Das Floß der Medusa (révision de 1990) n’a rien de conventionnel, encore moins de traditionnel, avec sa percussion musclée, une scansion chorale puissante et les parties solistes de Charon, de La Mort et de Jean-Charles, le rescapé noir qui dans l’immensité agite sa chemise – rouge, comme le drapeau des contestataires hambourgeois de 1968 ! – dans le tableau de Géricault. Peter Schöne lui prête un baryton tendre qui a le pouvoir immédiat de toucher l’auditeur, par-delà l’écriture vocale semée d’embuches [lire notre chronique de Der Sturm]. Au Sprechgesang déclamatoire succèdent des phrasés plus lyriques. Sur son irrésistible élan dramatique tient principalement le souffle de l’œuvre. Toujours en souplesse, le soprano finlandais Camilla Nylund [lire nos chroniques de Tannhäuser, Salome, Rienzi, Rusalka, Die tote Stadt et Capriccio] campe une Mort d’une fiabilité exemplaire qui use d’une dynamique parfaitement maîtrisée. Le metteur en scène Peter Stein se charge du rôle de Charon avec un extrême précision du dire auquel il donne tout le poids qu’il faut.

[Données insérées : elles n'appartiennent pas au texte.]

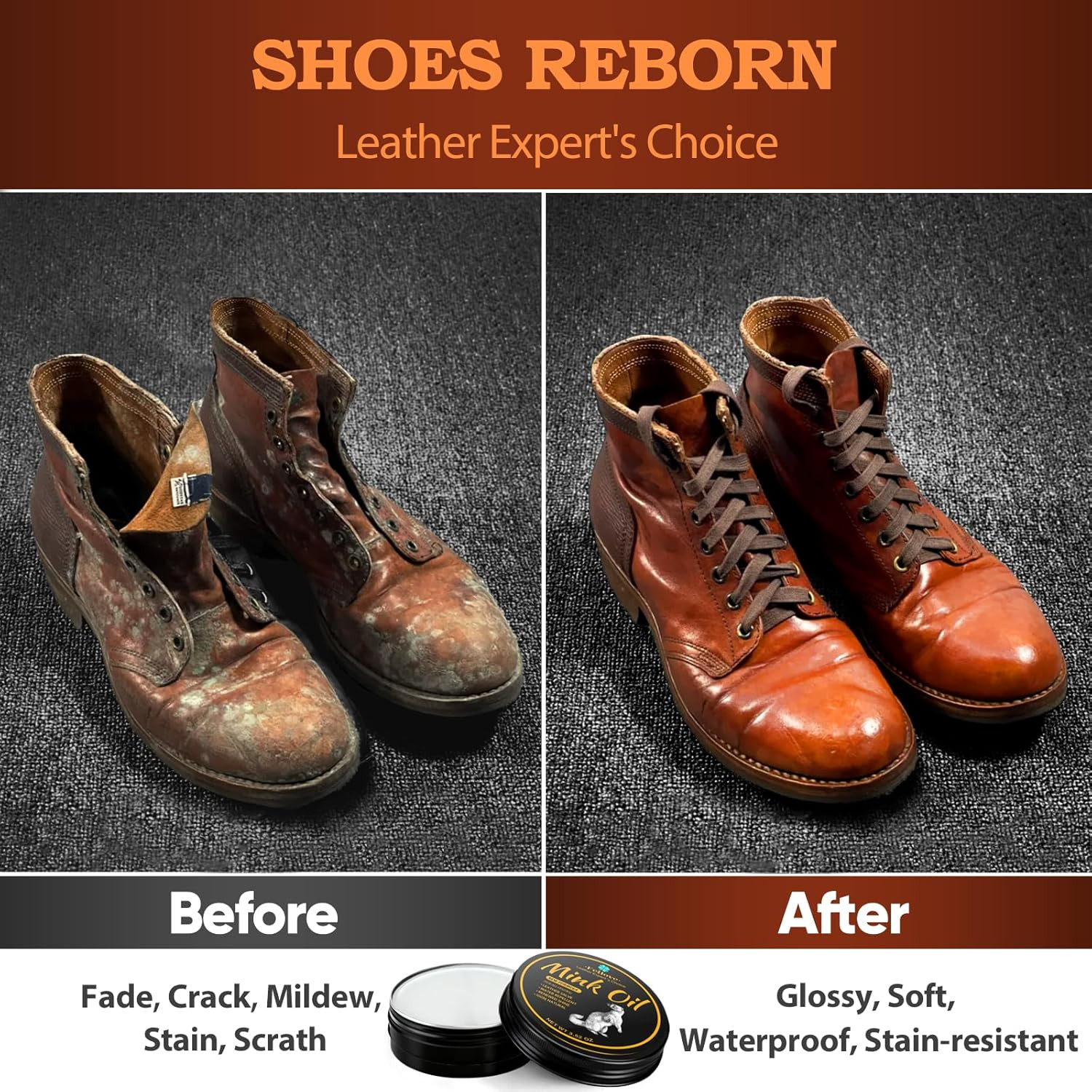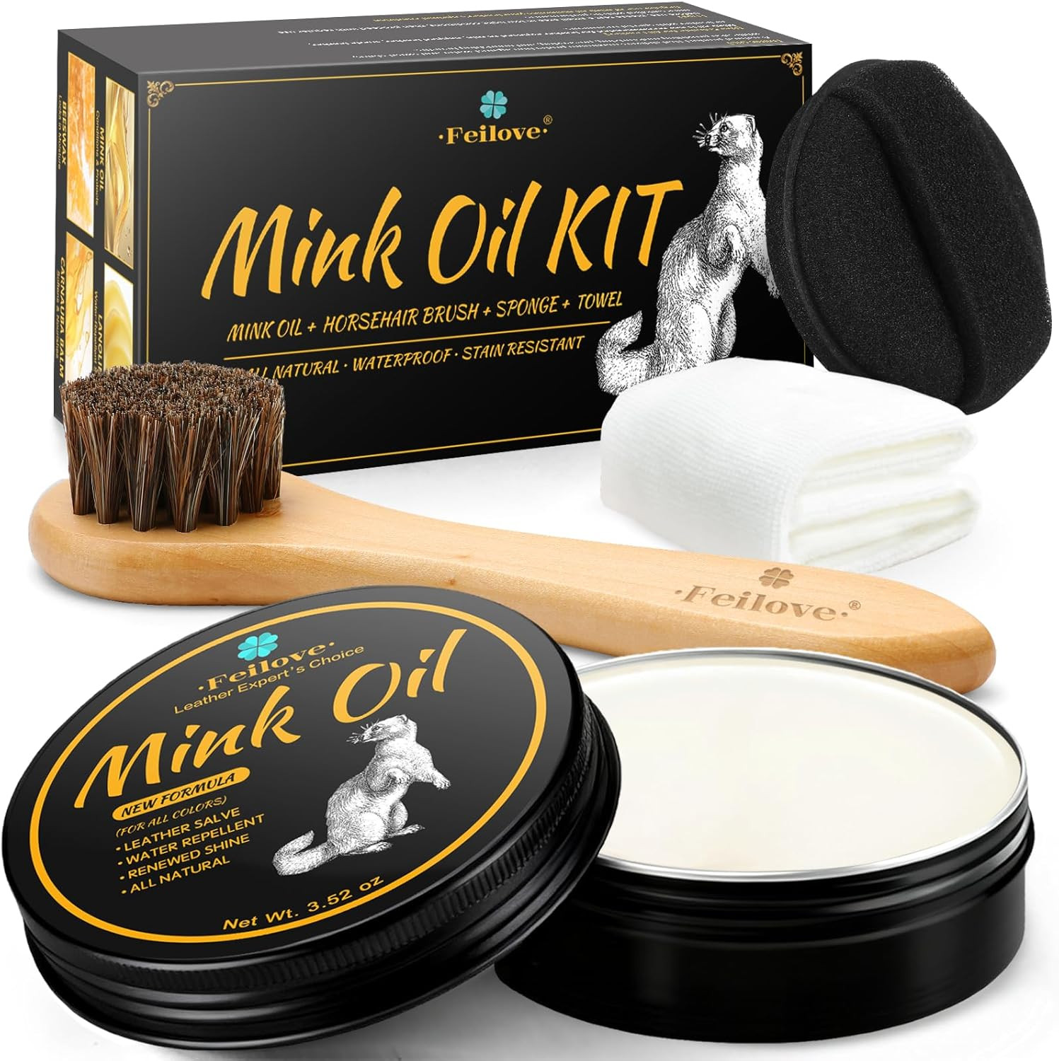4-In-1 Mink Oil Leather Conditioner and Cleaner 3.52 Oz - Premium Waterproof For
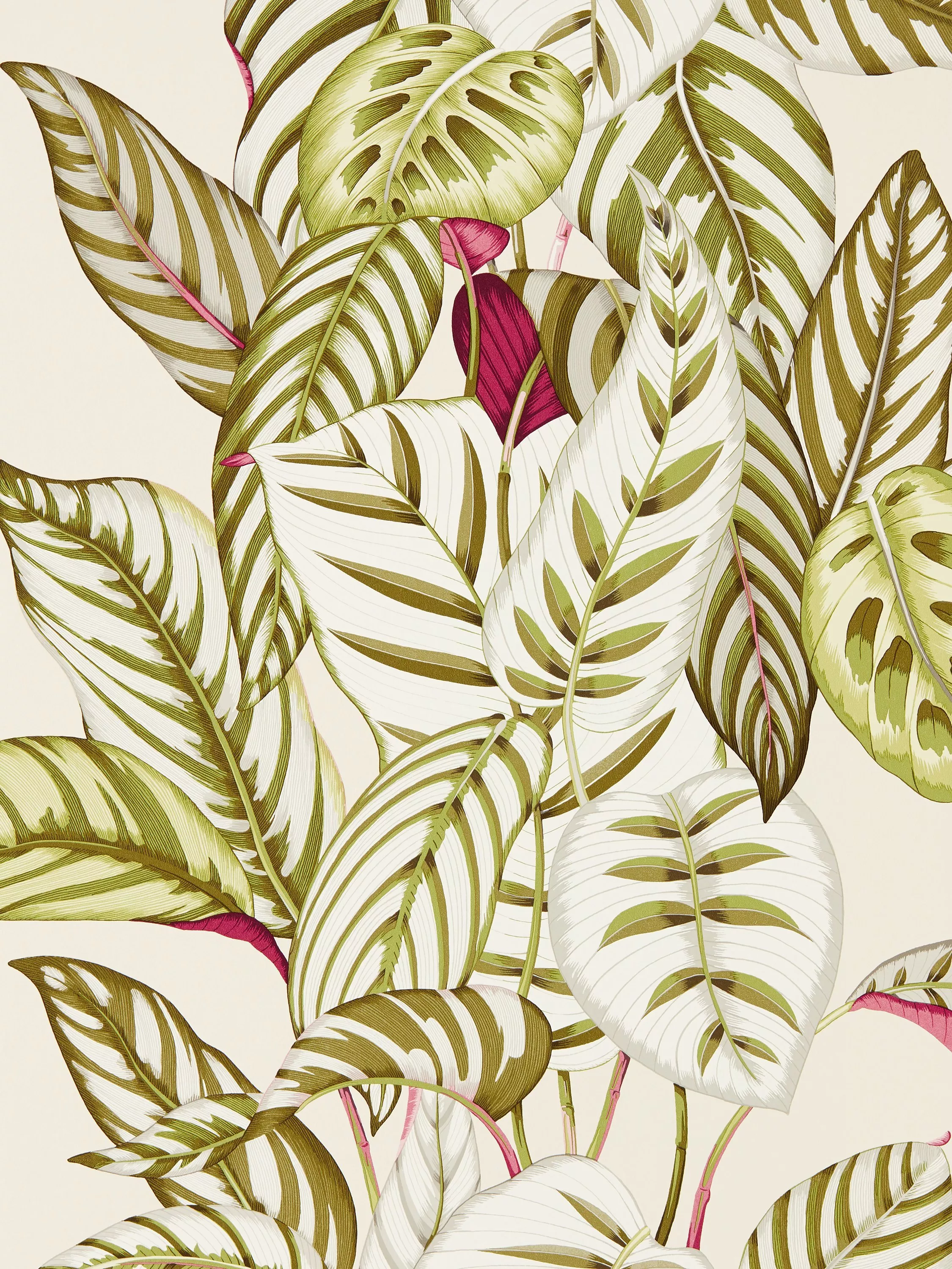 Elegant and strikingly detailed, this wide-width wallpaper from Sanderson creates a striped pillar of abundant tropical leaves across the wall.
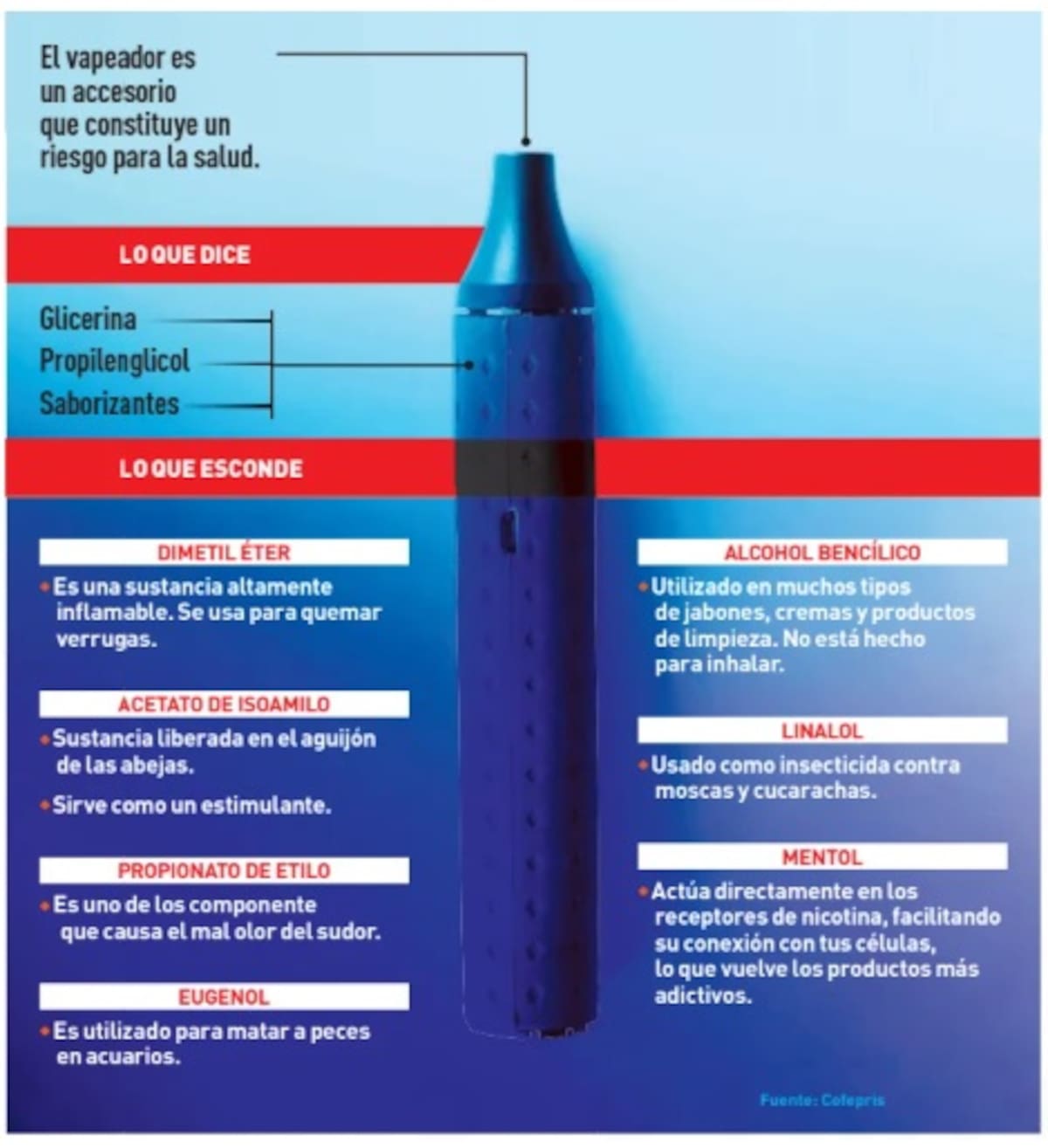 “Lo que no se dice de los cigarrillos electrónicos es que sí contienen tabaco, que sí generan adicción y que no es vapor lo que se inhala, sino micropartículas altamente dañinas para la salud”
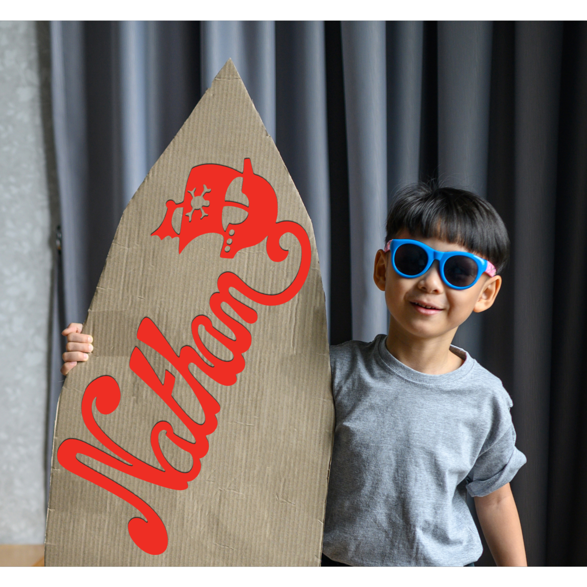 Découvrez cette jolie plaque de porte personnalisée en bois, avec motif Pirate en bout de prénom de couleur Rouge.
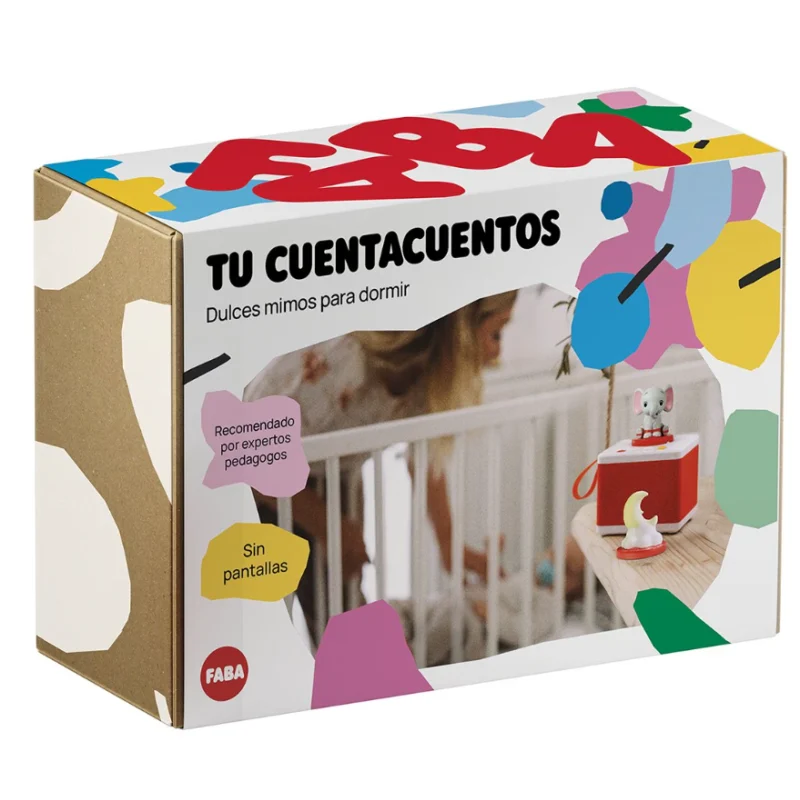 El kit contiene: FABA Cuentacuentos El Personaje Sonoro Las canciones de Ele el elefante 12 canciones para niños muy populares con 4 pistas de audio extra que se pueden descargar a través de la app MyFaba. El Personaje Sonoro Cuentos con beso para las buenas noches Ocho cuentos tiernos y divertidos para escuchar antes de irse a la cama. Cada uno termina con un dulce beso. Funda protectora Fabricada con una silicona suave y antideslizante, protege FABA Cuentacuentos de arañazos y golpes. La guía ¡Qué sueño! elaborada por la pedagoga Veronica Aureli, especializada en educación emocional y trastornos del sueño. Cable USB
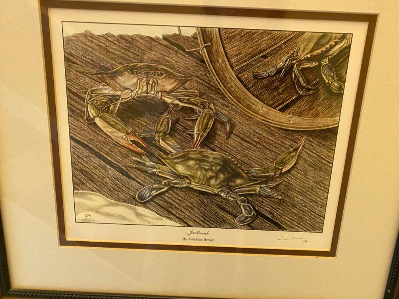 Lot #37 Set of 3 Framed Johnathan Brown Crab Prints
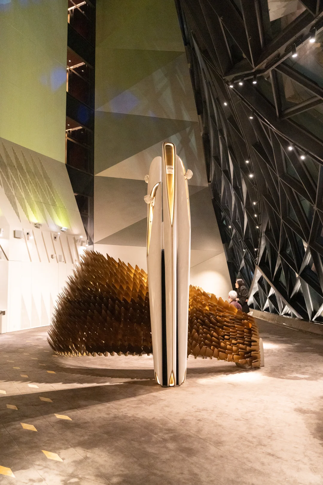 我被邀请到澳门摩珀斯(Morpheus)酒店,体验一场名为「An Artful Palate」的限时晚宴。摩珀斯由已故建筑大师Zaha Hadid设计,挑高的大堂与流畅曲线令人震撼(图2),阳光穿透天花,宛如身处未来美术馆。
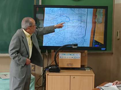 授業のテーマは「緑道の話」。 今の烏山川緑道がどのようにしてできたかを、地図や写真を見せながら分かりやすく説明してもらいました。
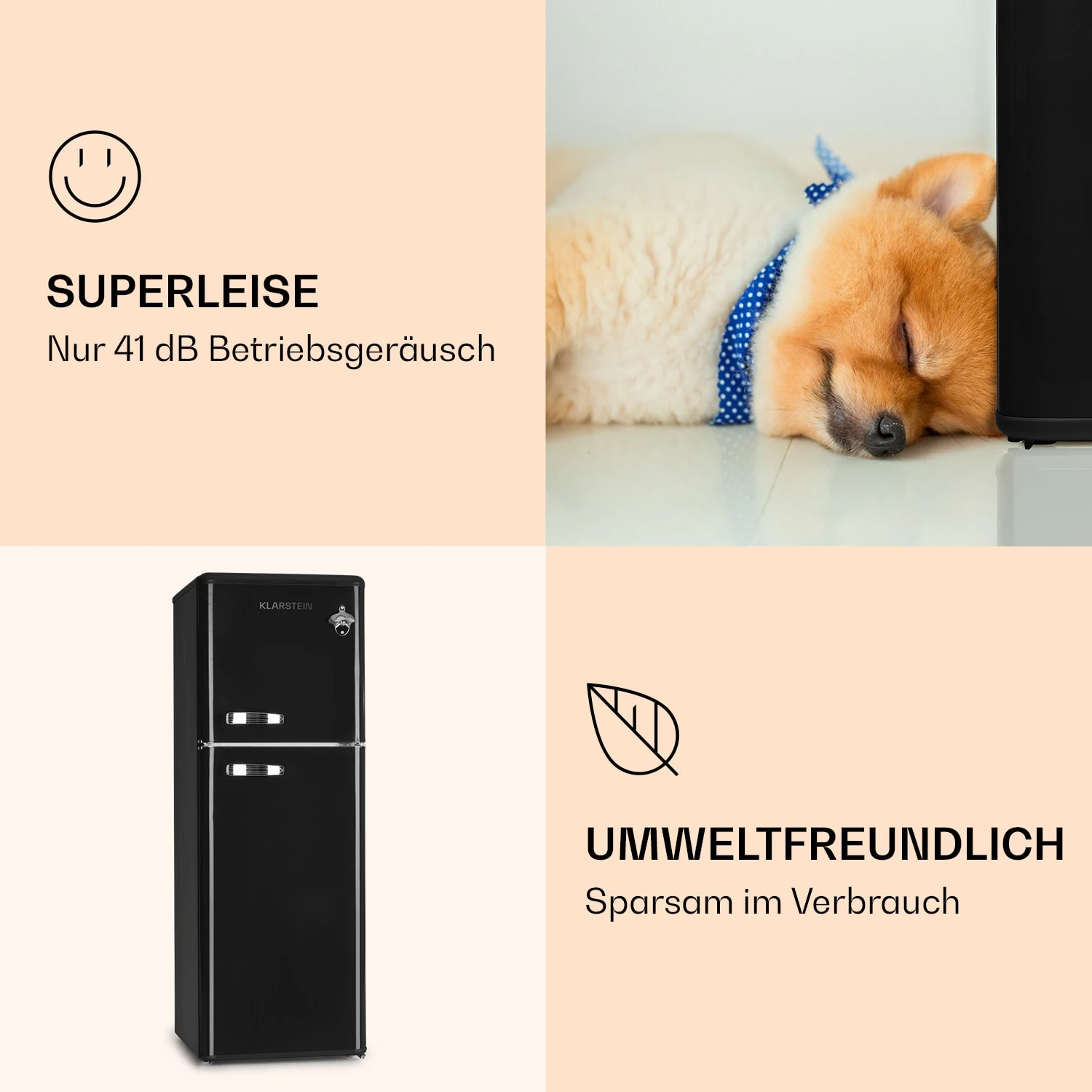 - Betriebsgeräusch: 41 dB max.
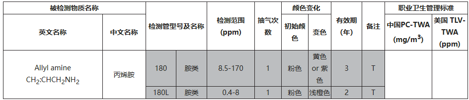 T:温度修正 H:湿度修正 +:双管 ++:9 支检测管 * :冷藏保存
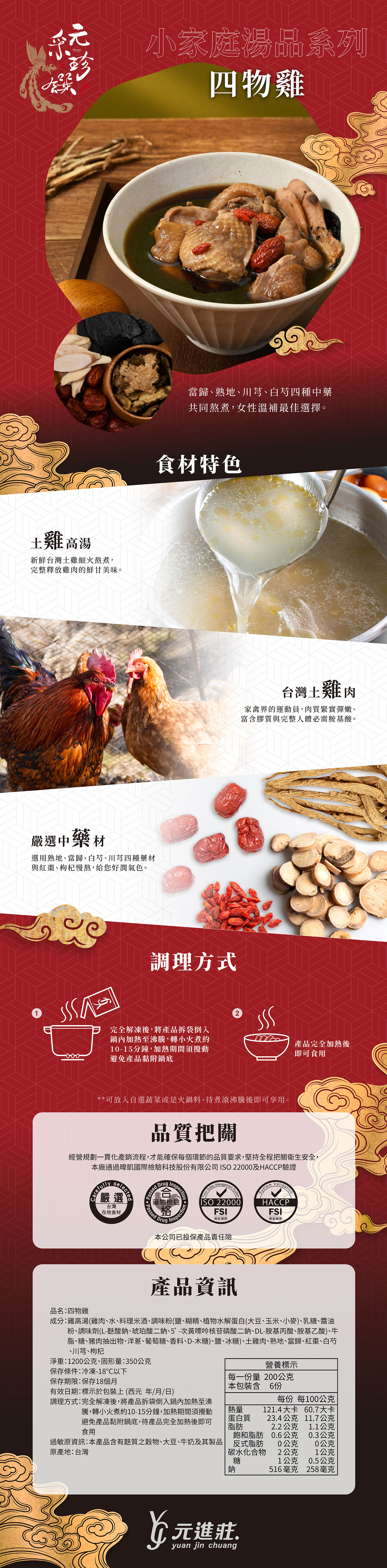 【元采珍饌】家庭湯品-四物雞湯 1200g/盒│元進莊美食購
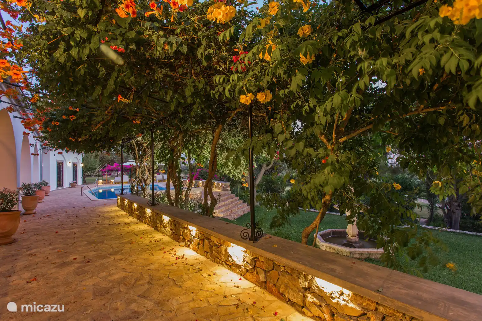 Profitez du grand jardin rempli de plantes subtropicales, d’arbres fruitiers et de fleurs, avec plusieurs endroits calmes pour se détendre, dont un terrain de boccia et un fauteuil à bascule. Le porche couvert avec des arches élégantes surplombe la piscine et le jardin illuminés, parfaits pour manger en plein air ou se détendre le soir.
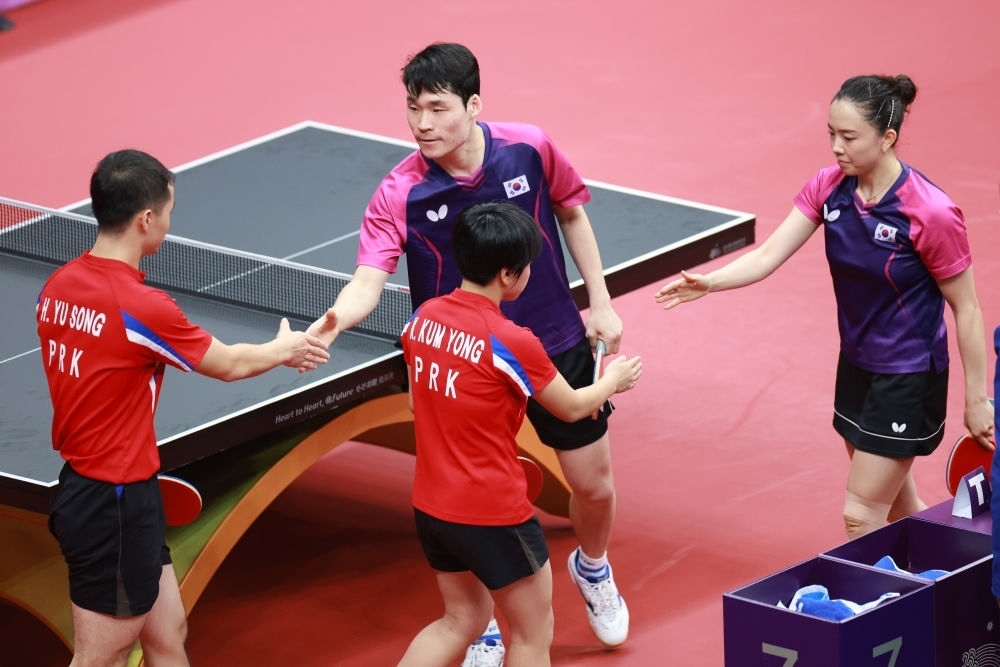 9月28日,韓國組合張禹珍/田志希與朝鮮組合咸柔成/金金鷹在乒乓球混合雙打八分之一決賽后握手致意。
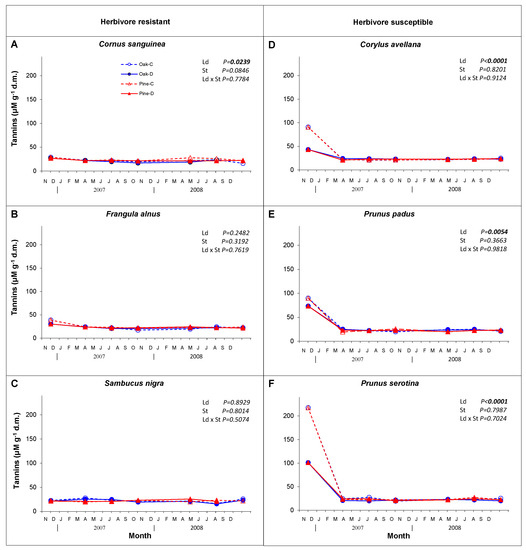 Changes in content of tannins (expressed as μM of catechin g−1 d.m.) in leaf litter of six understory plant species (herbivore resistant species: Cornus sanguinea—(A), Frangula alnus—(B), Sambucus nigra—(C), on the left and herbivore susceptible species: Corylus avellana—(D), Prunus padus—(E), Prunus serotina—(F), on the right), depending on leaf damage (Ld; control (C) and damaged (D)) in two stand species (St; oak and pine monocultures).

À la tête des WDR Rundfunkchor, des Freiburger Domsingknaben et des SWR Vokalensemble und Sinfonieorchester, Péter Eötvös livre une interprétation d’une clarté indicible. La définition des lignes comme des timbres ménage des effets dramaturgiques imparables tout en favorisant la compréhension sensible de la démarche d’Henze. Dépourvue de lourdeur y compris dans le final percussif, si difficile à équilibrer, l’incroyable transparence de cette captation live d’un concert de novembre 2017, à l’Elbphilharmonie de Hambourg, est avant tout au service de l’expressivité. Depuis longtemps et partout le naufrage de La Méduse est devenu le symbole de la scandaleuse dégradation de l’Humain. Schnabel et Henze se sont emparés de son histoire désormais universelle afin de poser la question de la dignité accordée à tous face au désastre, quelle que soit sa classe sociale [lire notre chronique du 13 mars 2018]. Jouer et enregistrer leur œuvre ne saurait être anodin.